CMS and HHS use HCC models for Medicare and ACA marketplace enrollees, even though there have been increases in the diagnostic specificity of claims data since 2015. Some stakeholders are concerned that HCC models do not take advantage of stronger diagnostic information, larger datasets, faster computers, and improved machine learning models. In addition, HCC models may be vulnerable to diagnostic upcoding, gaming, and fraud.
Researchers used clinical judgment to organize diagnostic items (DXIs) into DCG groups and hierarchies to be used as model building blocks. Then, they developed, implemented, and evaluated a novel machine learning algorithm to automate and empirically organize the groups and hierarchies into clusters for variable selection and prediction.
The study included 35 million commercial health insurance enrollees 64 years and younger. The DCG model had a coefficient of determination or R2 of 0.535, performing better than using Charlson Comorbidity Index variables as predictors or using diagnostic categories from the HHS HCC model (0.428)

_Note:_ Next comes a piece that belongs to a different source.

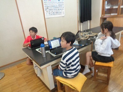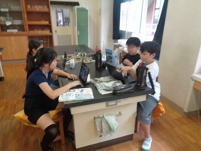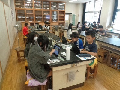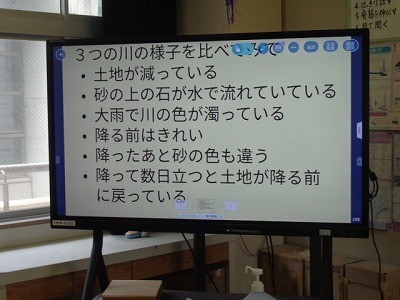同じ川の、雨の前と雨の降った後の状態を比べて、どんな変化があるか、お互いに意見交換をしています。
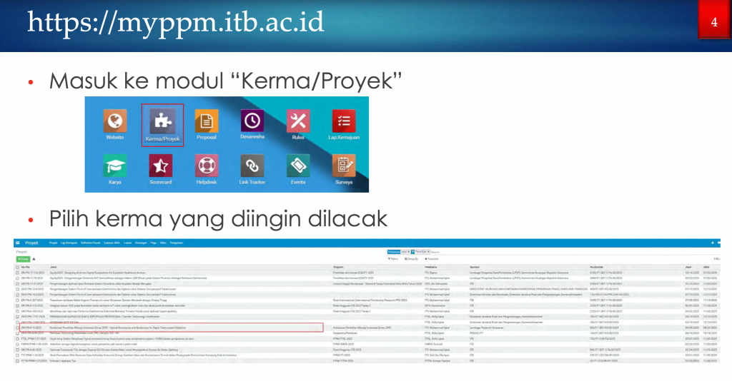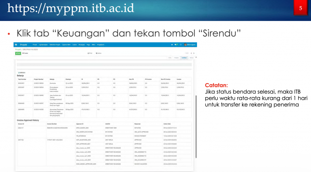1. Untuk peneliti dan pengabdi masyarakat, ada myPPM di myppm.itb.ac.id. Di sini, Anda bisa masuk ke modul “Kerma/Proyek”, pilih proyek yang ingin dilacak, lalu klik tab “Keuangan” dan tekan tombol “Sirendu”. Sederhana. Langsung. Real-time. Ada informasi menarik di sini: ketika status bendara sudah selesai, ITB rata-rata butuh kurang dari 1 hari untuk transfer ke rekening. Jadi, kalau status sudah “selesai” tapi dana belum masuk dalam 24 jam, barulah waktunya menghubungi Direktorat Keuangan.

The DCG model reduced the number of parameters needed by 80 percent and reduced model sensitivity to upcoding compared with simple additive models. The model also reliably priced rare diseases, keeping mean predicted spending within 12 percent or actual spending for the 3 percent of people who have at least one diagnosis as rare as one in one million. In contrast, the HHS HCC model underpaid this group by 33 percent.
The DCG algorithm had greater predictive power and was able to ignore diagnoses due to vagueness, inconsistent use, or gameability. In addition, the model’s hierarchy restrictions ignored lower-ranked diagnoses when in the presence of clinically related, higher-ranked diagnoses, and the algorithm’s final models avoided negative predictions.
The study findings suggest that CMS and HHS could improve risk adjustment models by automating DXI clustering within clinically specified hierarchies.